First, we show that RBAM is complete as a primitive, able to realize the deadlines of any rate-monotonic real-time workload at a bounded cost. We do so by constructing an analytical framework based on rate-monotonic workloads and then proving that RBAM effectively bounds FaaS invocation latency. This ensures the applications meet their real-time deadlines. Additionally, we derive bounds on the required invocation rate and corresponding resource overhead, showing how to realize any set of guarantees.
Second, we demonstrate that the RBAM performance abstraction can be efficiently realized in today's cloud environments. To do so, we propose new rate-based invocation scheduling and resource management algorithms and show how they employ resource sharing and exploit the underlying resource allocation statistics to enforce the rate guarantees. We document their ability to achieve performance guarantees at a low resource cost and scale well to large systems. Finally, we show that they are robust across varied application dynamics and deployment environments.

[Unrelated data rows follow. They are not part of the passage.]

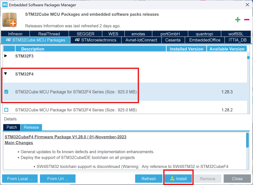 找到所需系列芯片,例如:STM32F4,选择最新版本,点击 Install 安装。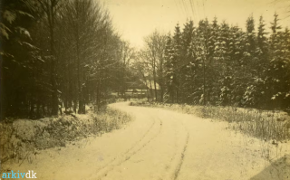 arkiv.dk beskrivelse: Nørre Bramdrup. Postkort med snedækket Bramdrupskovvej set fra "Bøgelund" mod Bramdrup Skovkro. Stemplet og dateret d. 24. januar 1921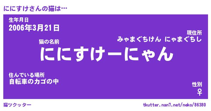 | 意味不明あだ名 | 『ペロリンににすけ』『永久保存ににすけ』 |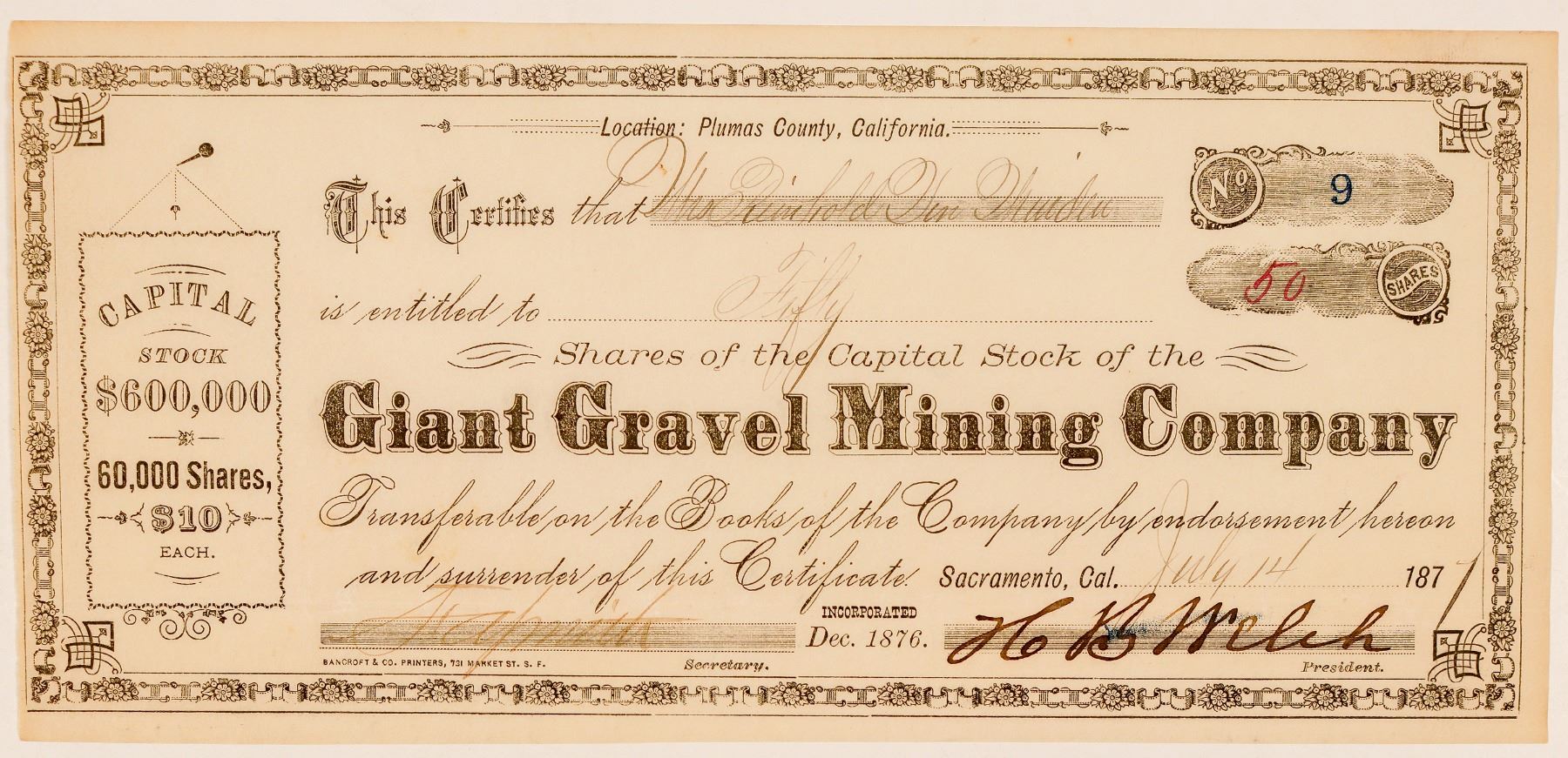 Location: Plumas County, California (printed at top center). Low number 9, issued in 1877 for 50 shares in Sacramento. Signed by president HB Welch and secretary Smith. Not cancelled. Simple design with black border and printing by Bancroft & Co., SF. Horizontal fold. Very fine condition. 4 x 8.75" Not in Filer or Holabird indexes. No additional info could be found. Ken Prag Collection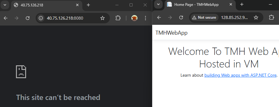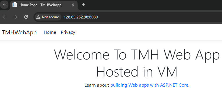 Once hosted, the web app can be viewed from within the VM using localhost. However, this local availability does not make the application accessible from the internet using the VM’s public IP. While it’s technically possible to open port 8080 to allow external traffic, this introduces significant security risks and is not recommended for production environments.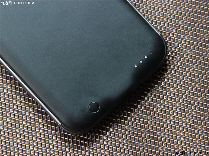 酷壳充电版的开关控制在背面底部,采用了实体开关按键,让操作按钮更加直观,同时也更为可靠。长按开关可以开始或关闭充电。右侧的四枚指示灯可以显示充电状态和酷壳的剩余电量百分比。

Third, we demonstrate RBAM's applicability by using it to implement a stream processing engine called Storm-RTS and also a distributed real-time video analytics application. These applications illustrate RBAM's expressiveness in describing application performance guarantees, how implementation can deliver robust performance against various workload burstiness, and how its performance guarantees can enable application deployment flexibility. The latter is particularly useful as declarative policies can ensure performance stability and optimized deployment for various objectives (e.g., cost or carbon).
In summary, RBAM is a performance abstraction that extends the FaaS model to efficiently and scalably support bursty, real-time applications across various scenarios. In addition, RBAM simplifies the implementation and deployment of applications with real-time guarantees. The rate guarantee can be used as a quality of service parameter to help applications configure for specific performance needs.